_YOUR ASSIGNMENT_
The pictures get left out, but everything else in the listing below must be duplicated exactly.

[[ SUPPLIED DATA open ]]

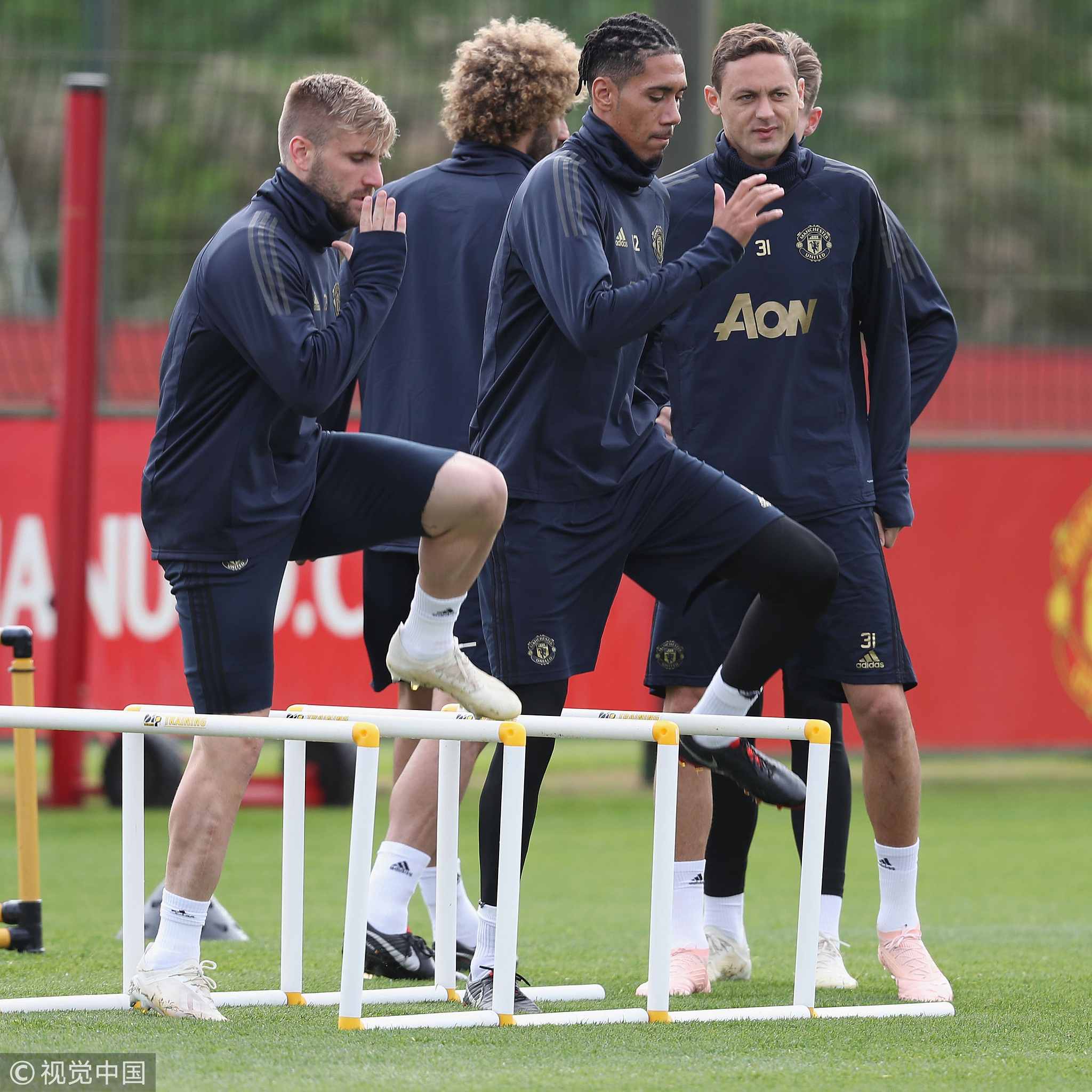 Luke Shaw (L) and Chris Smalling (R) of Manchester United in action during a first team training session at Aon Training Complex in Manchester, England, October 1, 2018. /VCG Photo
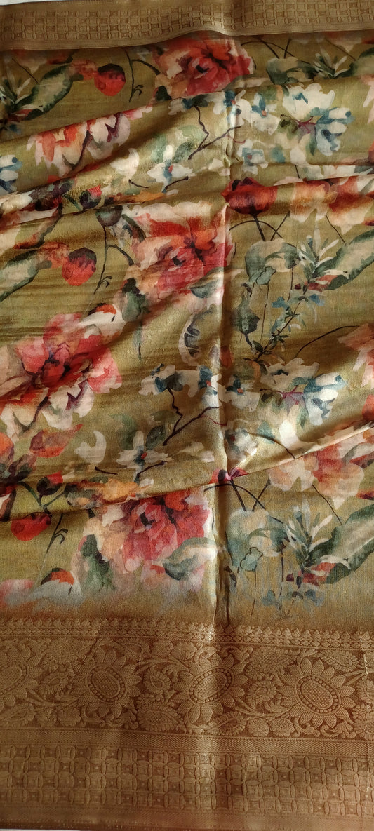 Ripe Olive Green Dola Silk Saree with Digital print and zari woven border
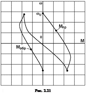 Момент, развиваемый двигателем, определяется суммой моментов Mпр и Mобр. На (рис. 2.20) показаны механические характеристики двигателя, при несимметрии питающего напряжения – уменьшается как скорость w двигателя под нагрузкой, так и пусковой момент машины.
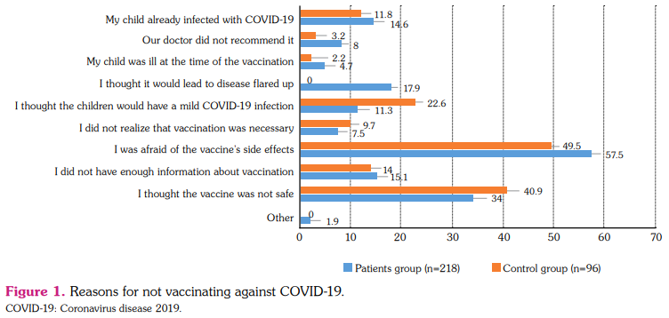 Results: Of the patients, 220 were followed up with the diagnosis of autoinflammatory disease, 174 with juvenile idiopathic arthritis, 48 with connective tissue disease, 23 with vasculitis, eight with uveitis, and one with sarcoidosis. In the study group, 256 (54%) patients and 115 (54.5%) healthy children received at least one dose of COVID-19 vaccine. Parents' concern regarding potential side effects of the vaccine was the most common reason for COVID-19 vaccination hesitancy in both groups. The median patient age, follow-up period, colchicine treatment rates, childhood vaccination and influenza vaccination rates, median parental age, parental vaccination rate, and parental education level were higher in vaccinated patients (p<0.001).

[[ SUPPLIED DATA closed ]]

_RESULT_
 Luke Shaw (L) and Chris Smalling (R) of Manchester United in action during a first team training session at Aon Training Complex in Manchester, England, October 1, 2018. /VCG Photo
 Ripe Olive Green Dola Silk Saree with Digital print and zari woven border
 Момент, развиваемый двигателем, определяется суммой моментов Mпр и Mобр. На (рис. 2.20) показаны механические характеристики двигателя, при несимметрии питающего напряжения – уменьшается как скорость w двигателя под нагрузкой, так и пусковой момент машины.
 Results: Of the patients, 220 were followed up with the diagnosis of autoinflammatory disease, 174 with juvenile idiopathic arthritis, 48 with connective tissue disease, 23 with vasculitis, eight with uveitis, and one with sarcoidosis. In the study group, 256 (54%) patients and 115 (54.5%) healthy children received at least one dose of COVID-19 vaccine. Parents' concern regarding potential side effects of the vaccine was the most common reason for COVID-19 vaccination hesitancy in both groups. The median patient age, follow-up period, colchicine treatment rates, childhood vaccination and influenza vaccination rates, median parental age, parental vaccination rate, and parental education level were higher in vaccinated patients (p<0.001).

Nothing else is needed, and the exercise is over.